**** Available data

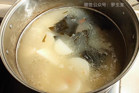 煮夠一小時(shí)后將蘿卜和海帶放下去再次燒開,依舊中火蓋鍋蓋煮半小左右,就可以了
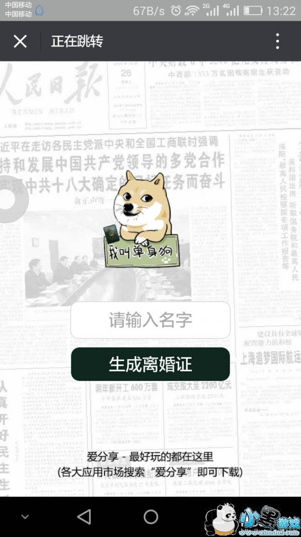 离婚证生成器是什么?最近小编在微信朋友圈中看到小伙伴们在晒‘离婚证’图,完了一个两个管小编要红包安慰心灵,可机智如小编怎么看不出其中有猫腻呢,你们还没结婚呐哪来的离婚?然后小编研究了一下,发现这些‘离婚证’都是一个叫离婚证生成器生成的截图,那么离婚证生成器怎么玩?接下来小编就教教大家吧。
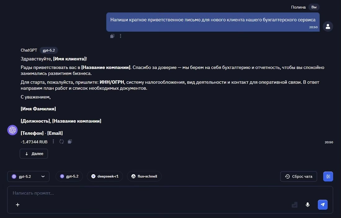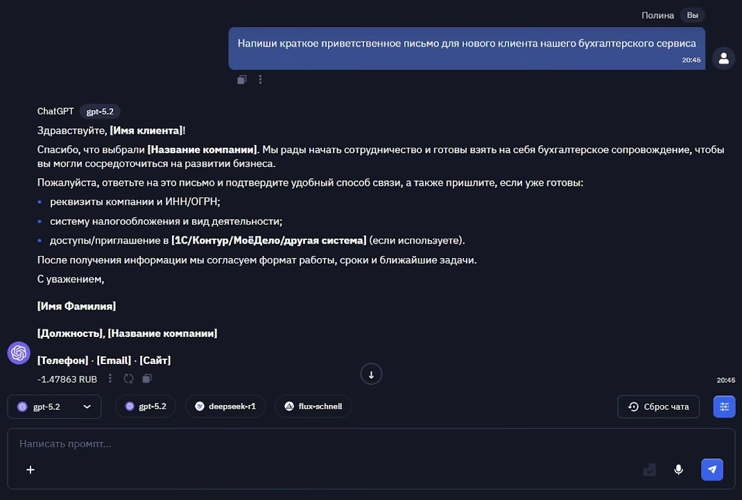 Как это работает на практике? Я буду тестировать самую последнюю модель GPT-5.2 на платформе BotHub. Список нейросетей там обширен - от работы с текстом до транскрибации и генерации видео. По специальной ссылке для регистрации можно получить 100 000 капсов для собственных экспериментов.

********

Where a picture appears, skip it; repeat everything else in the data exactly.

 煮夠一小時(shí)后將蘿卜和海帶放下去再次燒開,依舊中火蓋鍋蓋煮半小左右,就可以了
 离婚证生成器是什么?最近小编在微信朋友圈中看到小伙伴们在晒‘离婚证’图,完了一个两个管小编要红包安慰心灵,可机智如小编怎么看不出其中有猫腻呢,你们还没结婚呐哪来的离婚?然后小编研究了一下,发现这些‘离婚证’都是一个叫离婚证生成器生成的截图,那么离婚证生成器怎么玩?接下来小编就教教大家吧。
 Как это работает на практике? Я буду тестировать самую последнюю модель GPT-5.2 на платформе BotHub. Список нейросетей там обширен - от работы с текстом до транскрибации и генерации видео. По специальной ссылке для регистрации можно получить 100 000 капсов для собственных экспериментов.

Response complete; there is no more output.